The fact is that beside gems there is no vast and common standardisation of practises between Ruby packages, which makes the role of distributions much more complicated than it has been historically for Perl, Python, TeX and the like. What do I mean? Well, take extconf.rb and setup.rb files that are often used to build binary C-based extensions for Ruby: they are not generated by tools like autotools or distutils, and instead they are copied and morphed from package to package, causing them to have subtly different syntax and stuff like that. To use a DESTDIR-like parameter (to install in a subtree before packaging) some require you to specify that during install phase only, others will require you to pass it on all the parameters. One would expect that Rake could have brought some more standardisation in packaging, but it’s not the case either.

For once, Rake does not usually have an “install” task, and even less one that taking a DESTDIR parameter to install in an offset. This is something I’ll probably try to find a solution for once Ruby-Elf arrives to a point where a release is needed, because I don’t intend to use RubyGems as my primary form of distribution, quite obviously. But it does not limit to that: even the tasks that are usually common between packages don’t follow the same interface. Some packages will use “rake test” for running the testsuite, others “rake spec” and others “rake rspec” because they don’t use Test::Unit but rather Spec. Some packages will build the HTML documentation with “rake doc” and others with “rake rdoc”.

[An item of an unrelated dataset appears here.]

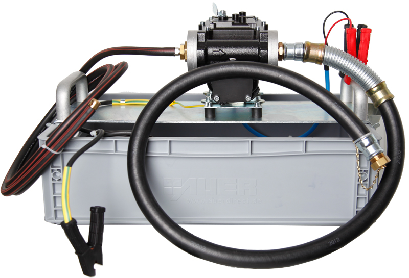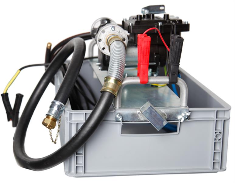 Zum Absaugen von falsch getanktem Treibstoff. Selbstansaugende, explosionsgeschützte Flügelzellenpumpe mit eingebauten Bypassventil und thermischen Schutzschalter. Augerüstet mit: Plastikkiste, höhe 14 cm, benzinfest. Pumpe auf Support montiert. Ansaugschläuche 3 m, mit Blindstopfen (damit keine Flüssigkeit austritt). Stromkabel 3 m mit vollisolierte Zangen für Abgriff ab Batterie. Ausflussschlauch 1.5 m mit Knickfeder (verhindert Abknicken des Schlauches), mit Abschlussdeckel (damit keine Flüssigkeit austritt). Kabel 2 m für Potentialausgleich. Bedienungshebel ein/aus.

I think that the underlying problem here is that Ruby has been really the most “magic” of the languages. While this is very nice for the developers, it is not always good; sometimes having too much magic around can make integration or debugging very hard, just like automagic dependencies make it difficult to properly package software, Ruby magic can be a hinderance when doing something that goes a bit away from what the mainstream developers do.

Now, since just criticising software is rarely useful, let me try to explain what is my plan to resolve, or work around, the issue. First of all, I’ll see to work with Hans and Alex, as soon as I have time, to find a way to simulate the presence of a gem when the package was installed by the ebuild using a tarball, so that there is no loss of magic when using the ebuilds themselves. Then I’m going to try preparing a distribution-friendly “install” task for Rake, as I said first and foremost for RubyElf but I’m going to release it as-is so that other projects can use it too, and try to standardise it.

But these are little steps; what I’d like to do, but I lack the time to, is writing a specific about packages installation and design for Ruby so that a project following that specific can not only build gems for “magic” installation on heterogeneous systems, but also prepare tarballs that distribution can turn into proper packages without having to deal with black magic. This would not mandate a particular file format like gems are doing, but rather a particular directory structure or Rake-based interface. Once the same exact steps can be run for any given package following the specification, it’s going to be just enough for the distributions.

Comments 3
  1. Although I was one of those who was critical of debian, I am also one of those who does not use gems. ;)I dont really have a need for gems. All source files I enter in a yaml file. This yaml file now has 2256 different programs listed. When a new version is released, I change the url and download the new package for local use. After that I can “compile” it (for ruby stuff i just use setup.rb. It works easily and I wonder why i would ever need gems. I do however understand that other people might want to use automatic dependency resolving, but even for that I do it one step at a time, and it works as well)

  2. It is a great initiative to create a better packaging system for ruby, it will only add to widespread ruby usage. Also, there seems to be an opportunity here to create a packaging tool that uses git, since git is so widely used in the ruby community. This tool would be pretty cutting-edge and would have the opportunity to re-define best practices with regard to packaging software for distribution. A huge opportunity indeed.